Update 14 May 2022: #1173 (comment)

Thanks for the feedback everyone! Allow me to update and clarify a few things:

1. In the first stage, we will leave Starboard repository untouched. To that end, we will work on the new Trivy stuff in new repositories (trivy-operator, trivy-kubernetes).
2. trivy-operator will focus only on exposing trivy capabilities in kubernetes, and therefore will not include kube-bench (which is not in Trivy). This should not be an issue to existing users since Starboard remains available. (Same applies to kube-hunter)
3. Ideally kube-bench would have been superseded by the new trivy k8s scanner, but some feature are still missing. We will work separately on providing full Kubernetes CIS Benchmark coverage with trivy k8s - Then it will be naturally supported by trivy-operator.
4. Although we are leaving Starboard's repo untouched for now, the plan is to replace it with Trivy. We will refrain from adding features or releases of Starboard. New users who are interested in Vulnerability scanning and configuration audits in Kubernetes will be encouraged to start with Trivy.

[NissesSenap]

Really interesting.

What is the plan for starboard features that isn't related to image scanning? For example yaml parsing and kubehunter? I personally think that the image scanning feature is the most important but I thing in starboard but I could see how other people of the community would want this.
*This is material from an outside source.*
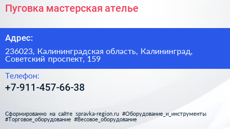 Пуговка, мастерская-ателье по адресу 236023, Калининградская область, Калининград, Советский проспект, 159 в дальнейшем Организация, размещена в следующих категориях: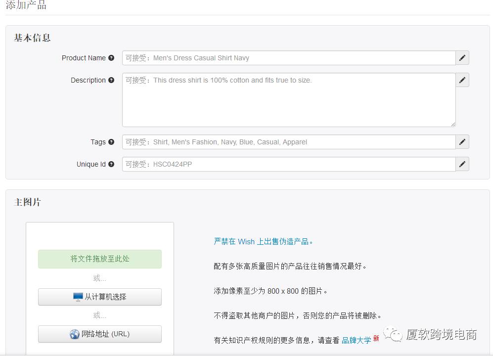 Unique Id(唯一的SKU号码):Wish.com 的系统用来识别、更新、追踪、更新和报道此商品。

I guess at some time there will be a feature freeze of starboard and fully focus on trivy-operator. When will that happen?
Do you plan to have some online community meeting to share more of your plans of the future?

[itaysk]

If you consider the starboard-operator, then in the short term it's just a rebranding to trivy-operator (same capabilities). In the long term, yes we will want trivy-operator to focus on Trivy capabilities. BUT something important to understand is that Trivy is no longer just a vulnerability scanner. when you said "yaml parsing" I suppose you meant Starboard ConfigAudit report (IaC Misconfigurations)? If so, then Trivy has this capability, and therefore it's in-scope for trivy-operator. More scanning types will be added to Trivy (such as secret scanning, Lincese detection etc), and these will be surfaced through the trivy-operator as well.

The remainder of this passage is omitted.